===== Input for this task =====

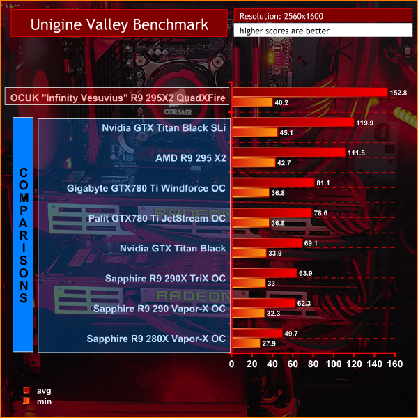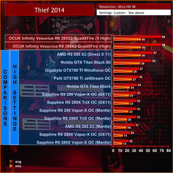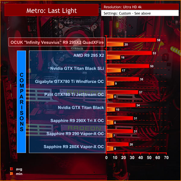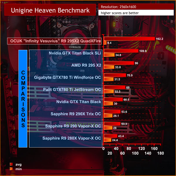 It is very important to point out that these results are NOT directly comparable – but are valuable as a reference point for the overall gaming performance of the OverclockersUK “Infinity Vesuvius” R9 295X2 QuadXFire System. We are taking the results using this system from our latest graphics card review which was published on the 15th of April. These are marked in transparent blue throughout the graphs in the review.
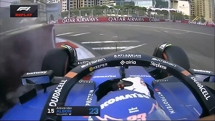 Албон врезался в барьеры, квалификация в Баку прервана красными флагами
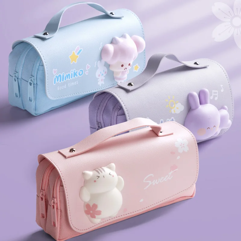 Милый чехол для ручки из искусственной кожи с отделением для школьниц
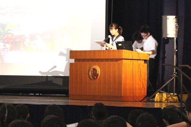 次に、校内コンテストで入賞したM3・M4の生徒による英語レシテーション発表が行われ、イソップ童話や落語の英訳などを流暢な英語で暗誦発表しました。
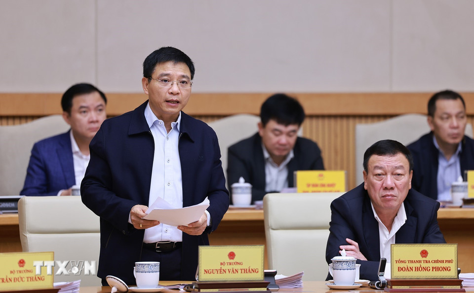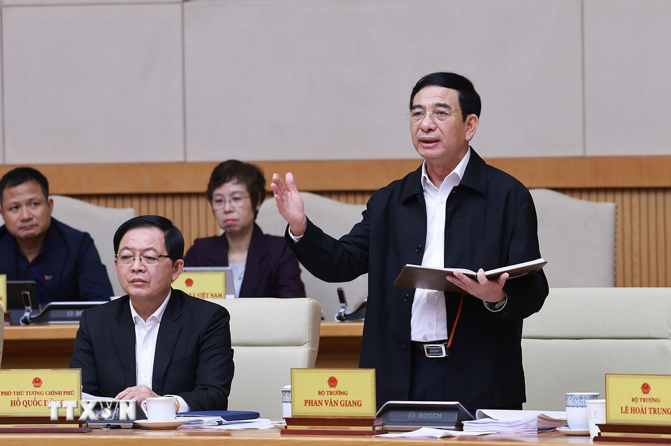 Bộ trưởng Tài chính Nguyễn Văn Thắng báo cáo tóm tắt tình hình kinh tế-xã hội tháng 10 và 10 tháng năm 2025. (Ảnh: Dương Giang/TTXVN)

=====

[Exercise brief] Ending at the line with "Милый чехол для", reproduce exactly the lines that begin at the top of the data, and include no pictures.

[Exercise output]
 It is very important to point out that these results are NOT directly comparable – but are valuable as a reference point for the overall gaming performance of the OverclockersUK “Infinity Vesuvius” R9 295X2 QuadXFire System. We are taking the results using this system from our latest graphics card review which was published on the 15th of April. These are marked in transparent blue throughout the graphs in the review.
 Албон врезался в барьеры, квалификация в Баку прервана красными флагами
 Милый чехол для ручки из искусственной кожи с отделением для школьниц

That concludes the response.